After placing the parts to be treated onto support (8) the upper part (1a) of the furnace is lowered onto the grounded bottom part (1b). A vacuum pump (not shown) eliminates the gases present in the furnace through vacuum/exhaust conduit (2). After the establishment of a pressure inferior to 20 micro bar within the furnace generator (4) is switched on to provide a current of 20-50 W/dm2 to screen (5). When the screen has reached the necessary temperature corresponding to an internal homogenous and uniform temperature of 300 to 600°C a gas mixture constituted of nitrogen and neutral gases such as hydrogen and/or argon is injected into the furnace at different levels through gas injection conduits (6). The gas injection conduits (6) enter the reactor outside of screen (5) such that the gases have to flow through screen (5). The glow discharge at the screen (5) generates the plasma of highly ionized gas constituted of ions, electrons and other active, energized neutral gaseous particles necessary for nitriding the parts on support (8).
As the gases are continuously evacuated through vacuum/exhaust conduit (2) the plasma generated at the screen flows downward and around the parts on support (8).
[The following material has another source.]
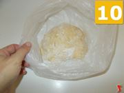 Trasferite l'impasto appena realizzato in una busta di plastica per alimenti (10) ed avvolgetela intorno ad essa fino a coprirla interamente (11). Procedete mettendo il composto in frigorifero per circa trenta minuti, nel secondo ripiano del frigorifero (12).

The parts are continuously bathed in a gentle flow of the active reagents before the plasma is evacuated through conduit (2).
The gas injection conduits are distributed over the entire surface of the furnace and the vacuum exhaust conduit or conduits are disposed such that a constant homogeneous plasma flow around the parts to be treated is obtained. The actual location of these conduits will depend on the size and form of the furnace. Preferably the vacuum/exhaust conduit (2) is provided at the center and near the bottom surface of support (8).
By providing the entry of vacuum/exhaust conduit (2) at the center and near the bottom surface of support (8) a continuous flow of plasma to the parts is guaranteed and any contact of these parts with the injected untreated gases is prevented.
For most applications a furnace temperature of between about 300 and 600°C is adequate. For special alloys, however higher temperature up to about 800°C could be used.
In contradistinction to the furnaces of the prior art, it is not the parts to be treated that are used as heating elements and as plasma generators. Rather metal screen (5) constitutes the cathode and is used both to heat the interior of the reactor and the parts to be treated and to generate the plasma of ions, electrons and other neutral particles necessary for the nitriding reaction.
As current is no more applied to the parts to be treated all problems associated with overheating or hot spots, be they due to impurities remaining on the parts or to shape or geometry, have been overcome. With the process of the invention it is possible to treat parts, work pieces or tools or other articles without resorting to time consuming cleaning or degreasing processes.
For the treatment of special steels parts, for example stainless steel parts, or other parts made of special materials depolarization or a surface activation is often required. In these instances cleaning and degreasing of these parts before they are loaded into the furnace is recommended. For the depolarization of the parts current is applied, as in the prior art process, to support (8) such that the parts to be treated constitute, for a short period of time, the cathode. After having achieved the depolarization either by plasma generation on the parts and/or by the above disclosed sandblasting-like effect the current to support (8) is switched off to allow the nitride hardening process of the invention to proceed with support (8) and the parts thereon at floating potential.
For some nitriding processes, depending on the steel alloys that have to be treated, the geometry of the parts and/or the density of the load i.e. parts very close together it is preferable to apply a weak current to the support (8) and thus to the parts. The parts are thus no more at floating potential but constitute a weak cathode within the furnace. The weak cathode character will guarantee a more even distribution of the plasma on and around the parts to be treated and will thus further improve the homogeneous nitriding achieved by the process of the invention.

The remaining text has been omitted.